I’m ideologically opposed to bicycles for all the obvious reasons: they don’t have lovely big nostrils which you can blow across gently or stroke inside to feel the soft, delicate skin; they can’t jump hedges; and the kit you’re expected to wear on them is quite hideous – not a smart, black, 18th-century-looking coat but vile, garish, deeply unflattering and unsexy Lycra.
Still, after watching a few episodes of Tour de France: Unchained, I’ve softened my position slightly. Say what you like about those infuriating, car-impeding, road-hogging cyclists but the ones who participate in the big international races don’t half have some balls. (Three actually, if the stories I hear about the effects of those uncomfy saddles are correct.) When they descend the windy mountain roads, they reach up to 100kph (62 mph in English). Imagine hitting the tarmac at that speed wearing little but a pair of swimming trunks.
Like thoroughbreds, these cyclists exist in a nervy state of highly strung racing fettle
In fact, we don’t need to imagine, as many of them have the scars to show it. And they’re so skinny (like thoroughbreds – which, with their long, gaunt faces and slender limbs, they resemble – they exist in a nervy state of highly strung racing fettle) that there isn’t an ounce of fat to cushion the blow. Then, the next day, unless they’re properly crippled, they have to get on their bike and do it all over again. And again. And again, till they’ve covered 2,200 miles in 23 days – at which point all but one of them will have lost.

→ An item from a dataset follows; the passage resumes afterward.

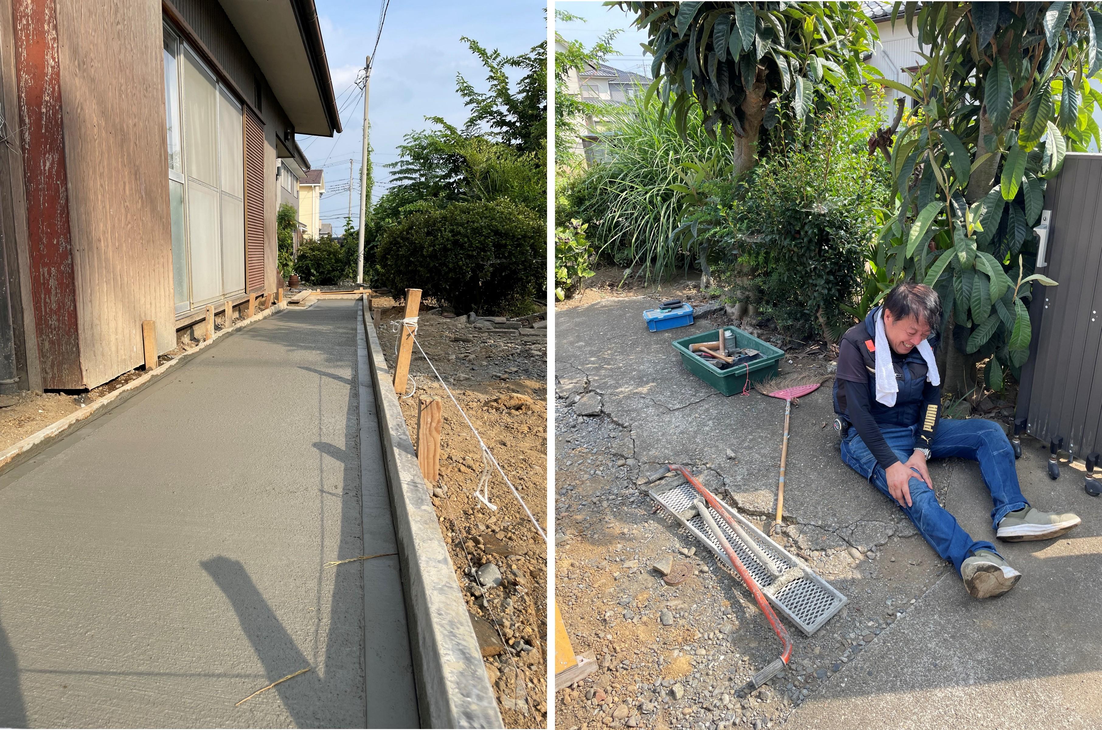 社長も同僚Kさんも汗かきかき4人がかりで無事に打設完了です。
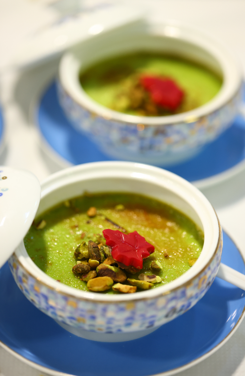 这道甜品采用中式装盘,中西合璧。使用茉莉花茶与牛奶烤制布丁,甜蜜的焦糖和浓郁的开心果融合,特别点缀加拿大枫叶巧克力,消热清暑,口感嫩滑,体现口味层次感。

The Tour de France is not, of course, the first sporting event that has been given the Netflix fly-on-the-wall, inside-scoop treatment. They tried it, very successfully with the still ridiculously watchable Formula 1: Drive To Survive. (I got ludicrously excited the other day when I saw Red Bull chief Christian Horner and his wife Geri Ginger Spice being trailed by a camera crew at Edgcote races, even though normally I care little for celebrities.)